Faster Retrieval of Shopify Metafields with GraphQL

Shopify metafields

If you’re an app developer working on the Shopify platform, you’re probably aware that many merchants keep additional product data stored in Shopify metafields on their store. This is challenging for developers, as retrieving data from metafields is notoriously difficult via the Shopify REST API, and can cause slow performance when synching a client’s store data.

Our app, Klevu Search, involves retrieving a merchant’s product data to index it for search. We initially struggled with metafields, but found with some careful query creation and resource management, GraphQL can be used to fetch product metafield data much faster than with REST. But, there is also a cut-off point where GraphQL becomes slower than REST due to a combination of query cost and throttling.

But the payoff is still real: for some test cases we were able to reduce the sync time of product metafields from four minutes to just 10 seconds. In this article, we’d like to share how we did it, and the useful information we learned along the way.

Fetching Shopify metafields via REST API

The problem with using the REST API to retrieve metafield data stored against your client’s products is that there is no way to retrieve them in bulk. There are a few promising leads to be found in the Shopify documentation, such as /metafields.json?metafield[owner_resource]=product. However, in practice, these methods do not return the data we hope for.

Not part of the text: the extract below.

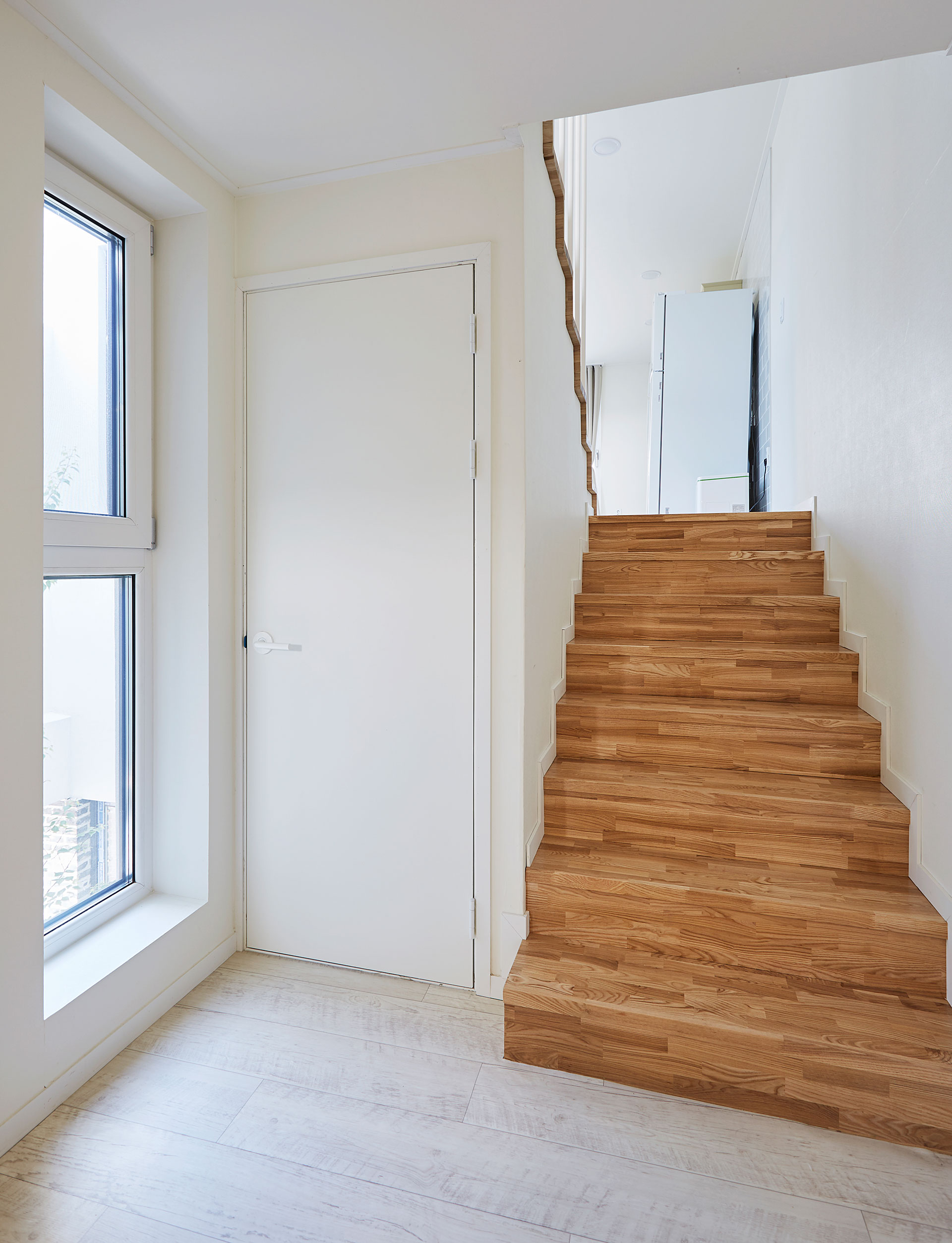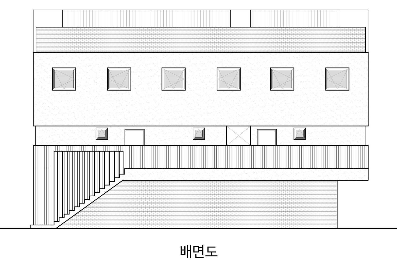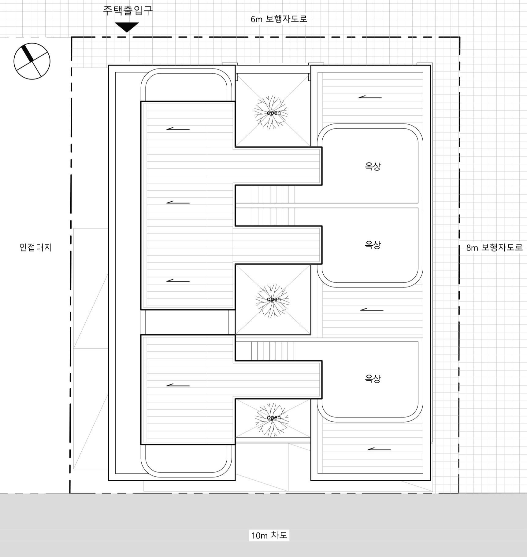 따라서 주택의 2, 3층을 복층화하고 한 층에 3가구를 구성하여 공용 계단은 2층에서 끝나도록 하였다. 2층의 수평적 복도는 3가구가 우연한 만남을 기대할 소통의 장이 된다.

As a result, we must fetch metafield data one product at a time, or one product variant at a time. This means that if your client has a store with 100 products and 400 variants, you need to make 500 API calls to get all of that metafield data. We found that this can take around four minutes, which is far too long.

Fetching Shopify metafields via GraphQL

Fortunately, Shopify also has a GraphQL API which allows a little more flexibility in terms of retrieving data in bulk and can be used to retrieve product metafields more efficiently.

That being said, it is not just a case of replacing your REST calls with a corresponding GraphQL call. Some careful query creation and resource management is required, which we will take a deep dive into in the sections below.

Query cost

The most important thing to understand is the query cost aspect of GraphQL. More information can be found in the Shopify documentation, but we will go through what you need to know in this article.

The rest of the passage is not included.